How is fatherhood treating you [Trammell has one-year-old twin sons]? Does your new real-life role affect your performance as a father figure to the Emma character?
Being a father is just wonderful. When you have kids, for me, it really changed me. I was always empathetic to other children, but now I’m so much more sensitive to children that aren’t my own. Because I see my own boys growing, and I see other children growing and I just have such a connection. So it has made me see Chloe [Noelle], who plays Emma, in a different way, and that whole paternal side of me is just on fire.
Now that True Blood has wrapped up filming for the season, do you have any other projects on the horizon?
I just finished a movie in New Orleans called White Rabbit. It’s about a relationship between a father and son, and it’s very intense. I get to play a great character in it – he’s a delinquent, alcoholic, meth-smoking father who becomes reborn.
Can you spill anything on the season finale?

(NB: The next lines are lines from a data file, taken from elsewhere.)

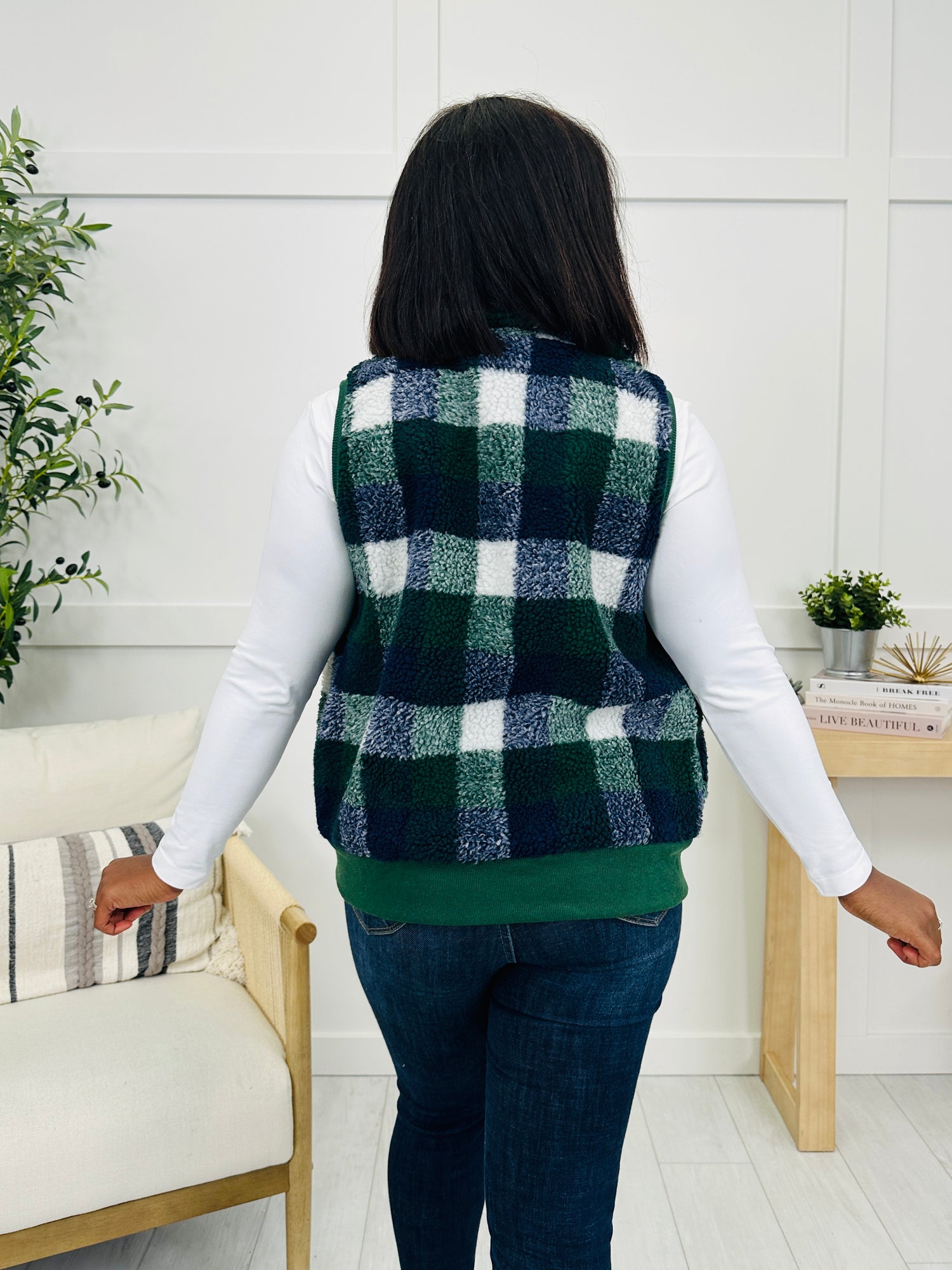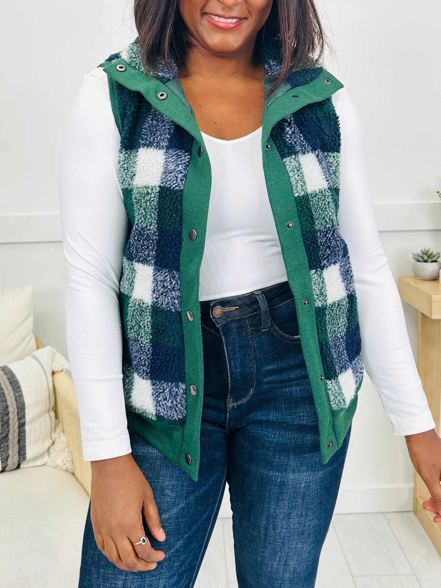This vest is the perfect mix of cozy and casual with its soft plaid sherpa fabric that brings a touch of texture to your look. The corduroy trim adds a structured detail that makes it stand out, while the button front closure keeps the fit easy and versatile. Layer it over your favorite tops for a warm and stylish finish that works all season long.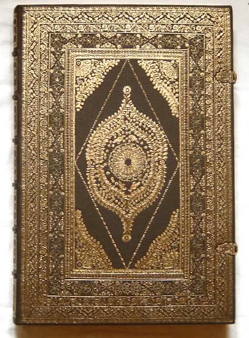 mit zahlreichen colorierten Textabbildungen nach Kupfern von Matthäus Merian. (Kupferstiche in 7-Farbendruck - Titelblatt mit 23 1/2 Karat handvergoldet) (dunkelblaues) ill. OLdr. (auf 6 Bünden) mit sehr reicher Goldprägung und 2 Messing-Schließen und punziertem Ganzgoldschnitt, farbig illustr. Titelblatt, 28 Bll., 129 num. Bll., 3 Bll., 2° (= 44 x 31,5 cm)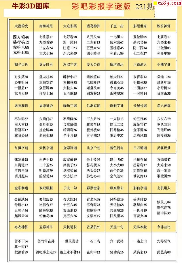 牛彩版3D字谜彩报图23年221期打印版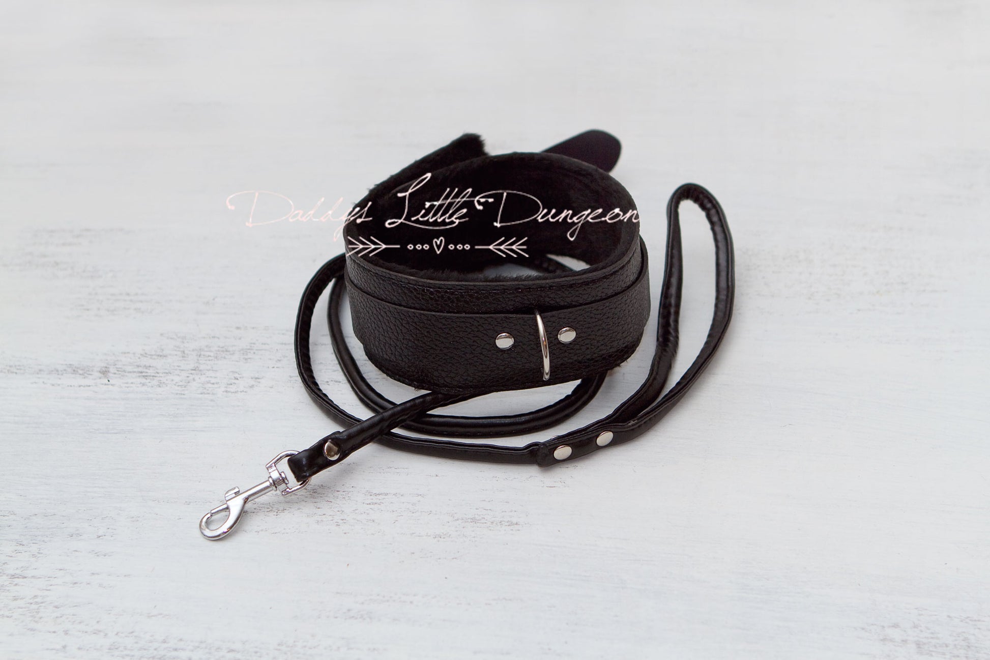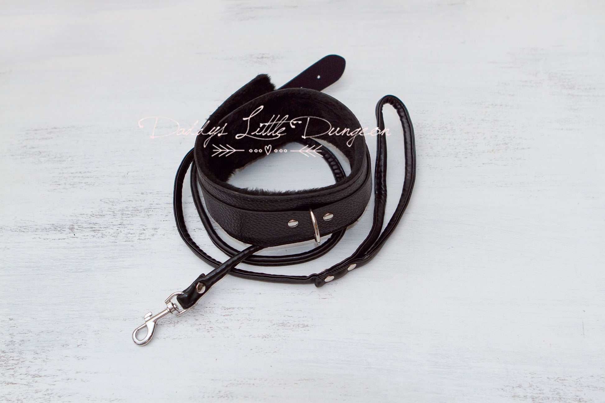 Cute and pretty furry collar and leash for light bondage play.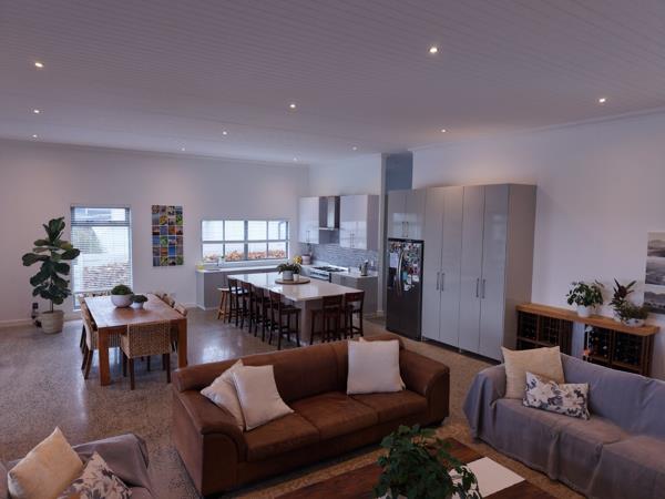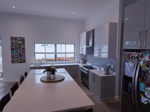 The open-plan living area and modern kitchen, complete with a large island, create the perfect space for entertaining family and friends. The private, sheltered patio features a built-in braai and pizza oven, ideal for relaxed West Coast living. Open the sliding doors and experience a seamless indoor-outdoor flow that embraces the natural surroundings.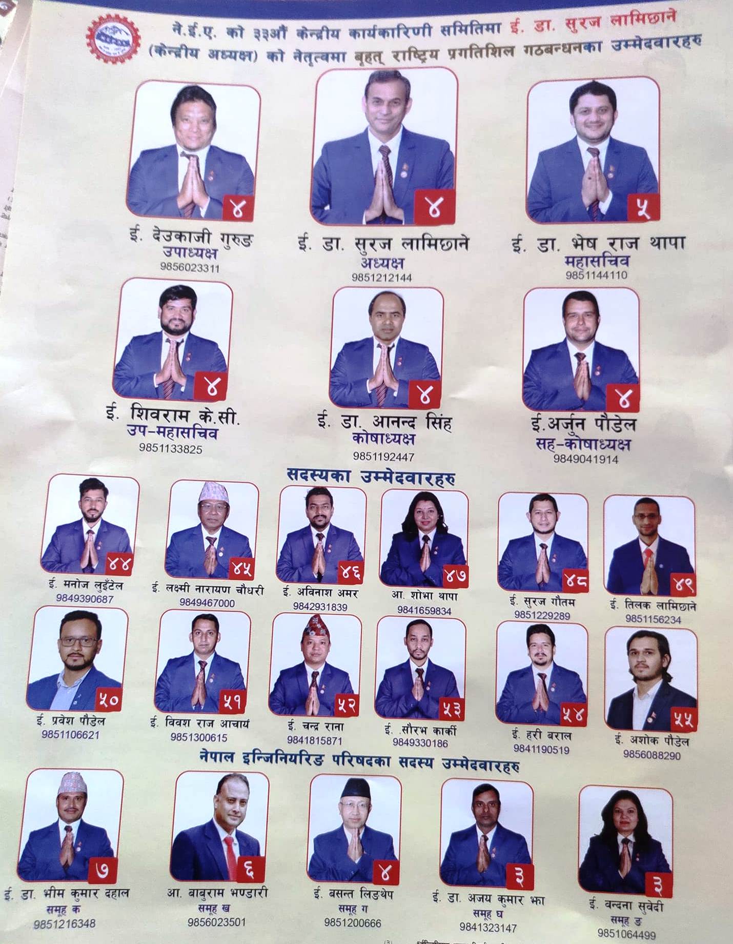फाल्गुण २७ गते हुने एशोसिएसनको ३३ औं केन्द्रीय कार्यकारिणी समितिको निर्वाचनमा ईन्जिनियर डा. सुरज लामिछानेको नेतृत्वमा बृहत् राष्ट्रिय प्रगतिशिल गठबन्धनका उमेद्वार चुनावी मैदानमा छन् ।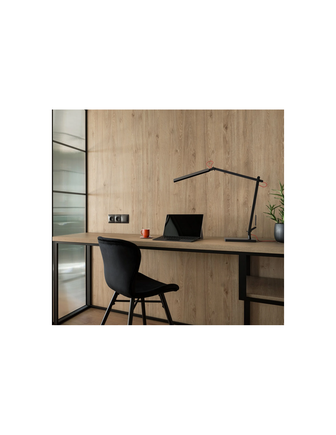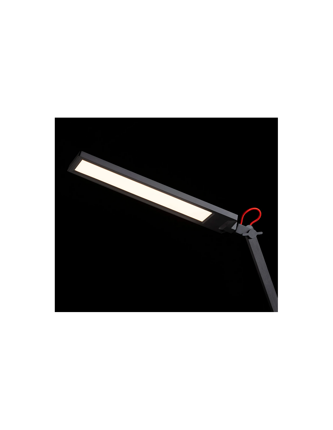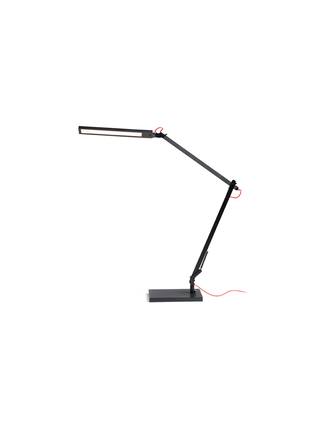 NORMA Skrivebordslampe med dæmper, udført i et moderne stilrent design af sortlakeret metal og kunststof med rødorange ledning. Lampen har flexarm og anvender 10W LED lyskilde (Inkl.).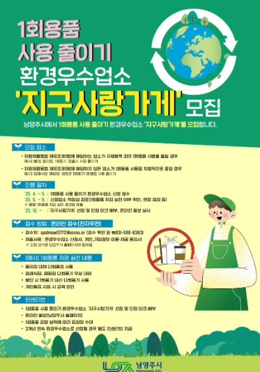 선정된 ‘지구사랑가게’에는 △‘환경 우수 업소’ 인정 마크 배부 △남양주시 홈페이지를 통한 온라인 홍보 △1회용품 감량 실적에 따른 표창장 수여 △3년 연속 선정 시 별도 인센티브 제공 등의 혜택이 주어진다.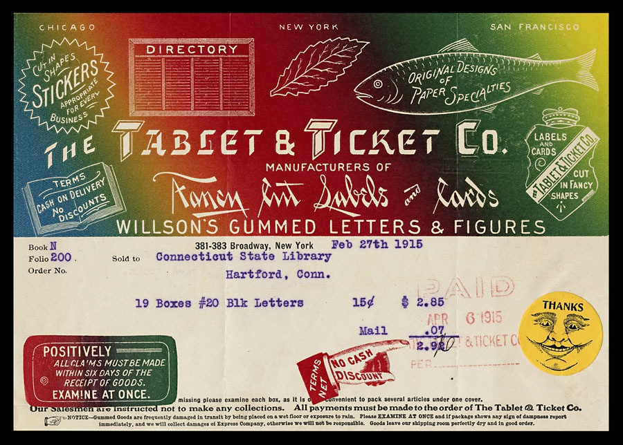Billhead, 1915. Split fountain printing.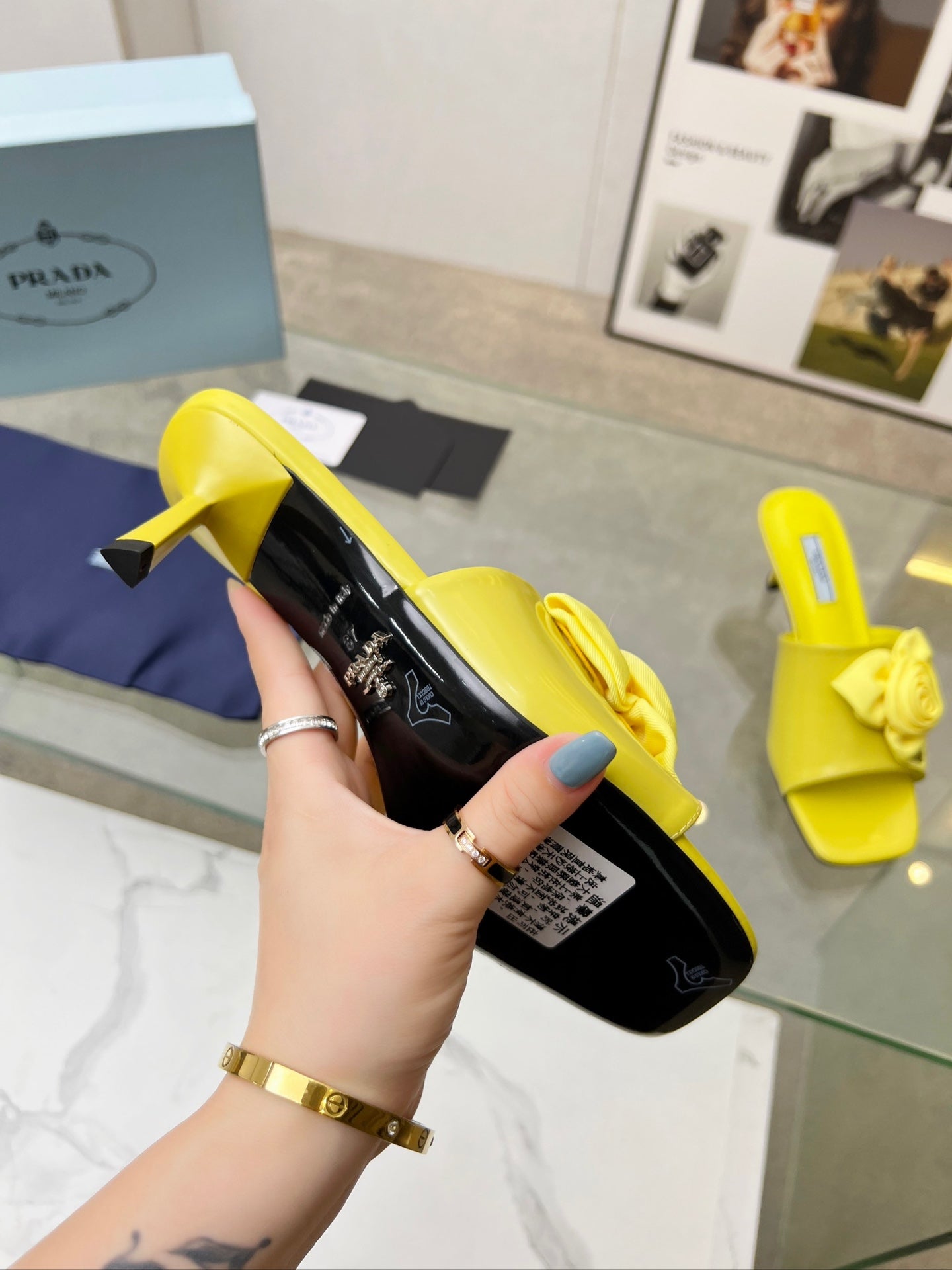 PRA FLOWER POINTED HEELS 55 LEMON CALFSKIN
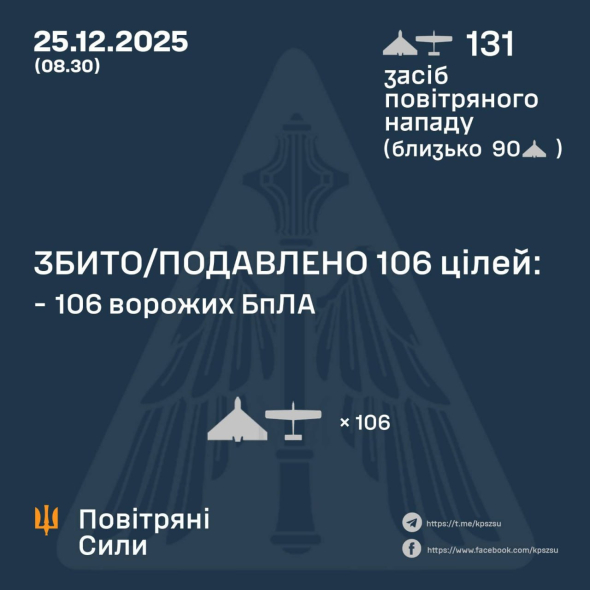 У ніч проти 25 грудня противник атакував Україну 131 ударним БпЛА типу Shahed, “Гербера”...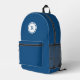 Blue backpack features a bold blue monogram in a white circle with a narrow blue border and a thin outer white ring. Add your initial in the sidebar.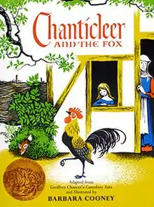 In the children's picture book Chanticleer and the Fox, Barbara Cooney adapted and illustrated the story of Chanticleer and the Fox as told in The Nun's Priest's Tale in Chaucer's Canterbury Tales, translated by Robert Mayer Lumiansky. Published by Crowell in 1958, it was the recipient of the Caldecott Medal for illustration in 1959.[1] It was also one of the Horn Book "best books of the year".[2]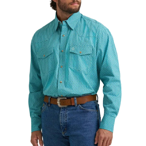 WranglerStyle # 112374599 Elevate your wardrobe with this Wrangler men's shirt featuring a striking turquoise geometric print that works hard as you do. Th...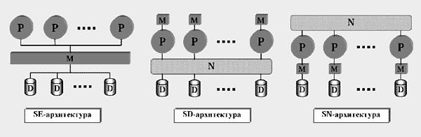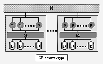 принципу, когда кластеры процессоров с разделяемой памятью и дисками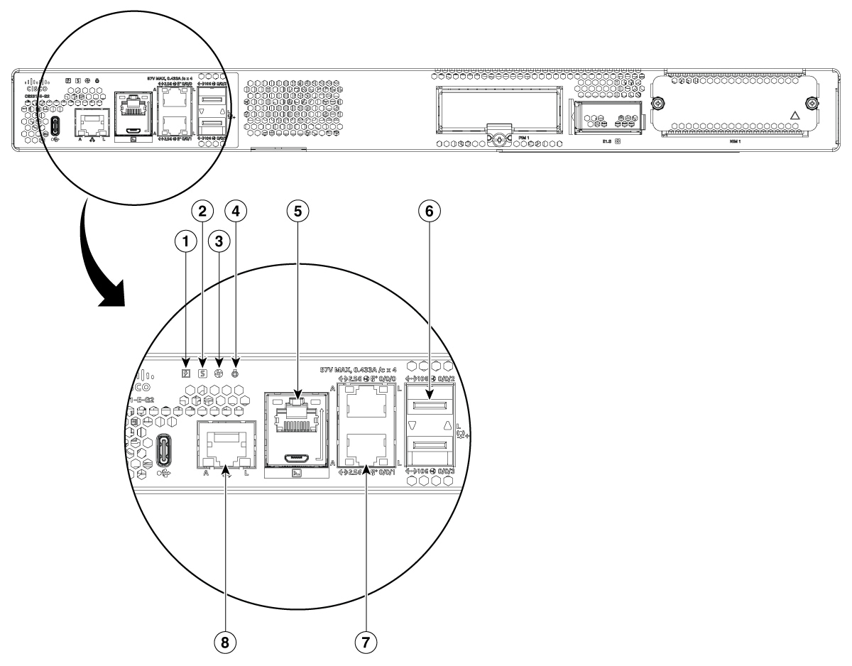 Left LED: Integrated RJ45 Console or AUX port function enabled Off: USB console mode Green on: Console enabled |

In all honesty, I think we have the best cliffhanger of any season we’ve ever had. There’s something that happens in this last episode that’s really unexpected. I was very surprised when I read it, and it’s exciting and surprising and fun, and I think people are gonna dig it. I think the writers, as well as write great dialogue and great characters, always want to surprise the audience, and they’re definitely going to do that with this.